Nel 1881 arrivano i fratelli Renshaw, autentici assi della racchetta. Fratelli superstar, così come i Doherty che centrano otto successi in coppia. Primo giocatore non-britannico a uscire trionfatore Norman Brookes, simbolo di un appuntamento che comincia ad assumere prestigio internazionale. Cessata la prima guerra mondiale, risulta difficile riprendere le care vecchie abitudini, ma il 1922 porta l’abolizione dell’anacronistico challenge round, a seguito di una votazione dei giocatori. Protagonista del periodo Suzanne Lenglen, che entra nell’albo d’oro ad appena 15 anni. Dominio poi replicato da Helen Willis Moody. In campo maschile i francesi Jean Borotra, René Lacoste, Jacques Brugnon ed Henry Cochet dimostrano netta supremazia sugli avversari.

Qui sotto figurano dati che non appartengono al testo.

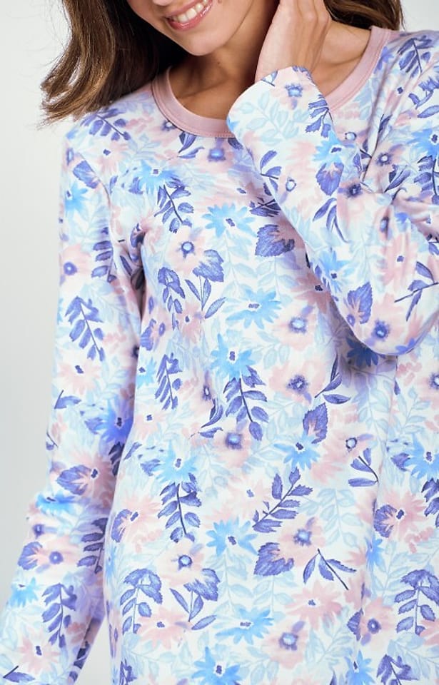 Koszula damska wykonana z wysokiej jakości bawełny interlok w kolorowe kwiaty. Wygodny krój do kolan, długi rękaw i okrągły dekolt. Skład: 100% bawełna.
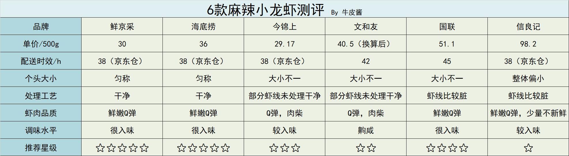 最后咱们通过表格来总结一下这6款小龙虾,大家在选购的时候可以参考一下。

Navratilova-Evert, confronti sensazionali

La seconda guerra mondiale arriva e lascia gravi conseguenze pure al Centre Court, danneggiato da una bomba tedesca. 1.200 posti finiscono distrutti. Ripreso a giocare, l’evento stenta ad ingranare. Complici talenti troppo cresciuti con l’età o diventati professionisti (Wimbledon rimane riservato esclusivamente ai dilettanti), la qualità cala. A trarne vantaggio la classe americana, che da Jack Kramer spopola sino a Tony Trabert. Medesimo copione in campo femminile. Quattro le imposizioni di Louise Brough, Maureen Connolly centra il Grande Slam nel 1953. Giunti gli Anni Sessanta Rod Laver comincia a dettare legge, esponente massimo di un movimento australiano in forte ascesa. Alter ego femminile Margareth Smith Court. In piena era Open arrivano i tie-break, regola tuttavia non valida per il set decisivo. Bjorn Borg sbaraglia la concorrenza durante il quinquennio 1976-1980. A cavallo tra gli anni Settanta e Ottanta, Martina Navratilova – 10 i titoli conquistati, un record – e Chris Evert ingaggiano intanto una feroce rivalità.

Da McEnroe a Djokovic

Assistito alle celebrazioni di fuoriclasse come John McEnroe, Boris Becker e Steffi Graff, dal 1992 al 2000 dominano gli statunitensi. Assistito all’exploit di Andre Agassi, sorprendente date le caratteristiche poco adatte all’erba, irrompe Pete Sampras e non c’è più per nessuno. Sette i sigilli, un record condiviso assieme a William Renshaw e Roger Federer. L’anno successivo festeggia Goran Ivanisevic, una sorpresa assoluta in quanto wildcard. Benvenuti ora all’epopea di “King” Roger. Rivale numero 1 Rafael Nadal. Tre finali consecutive disputate l’uno contro l’altro, la terza delle quali finalmente in favore dello spagnolo a termine di un match dall’intensità pazzesca. Entrambe vincitrici del torneo le sorelle Williams, affrontatesi nell’atto conclusivo quattro volte. Storico il successo di Andy Murray nella categoria maschile quando siamo nel 2013, il primo britannico dopo 77 anni ad aggiudicarsi Wimbledon. Attuali campioni in carica dei singolari Novak Djokovic e Serena Williams, rispettivamente abili ad avere la meglio su Roger Federer e Garbine Muguruza.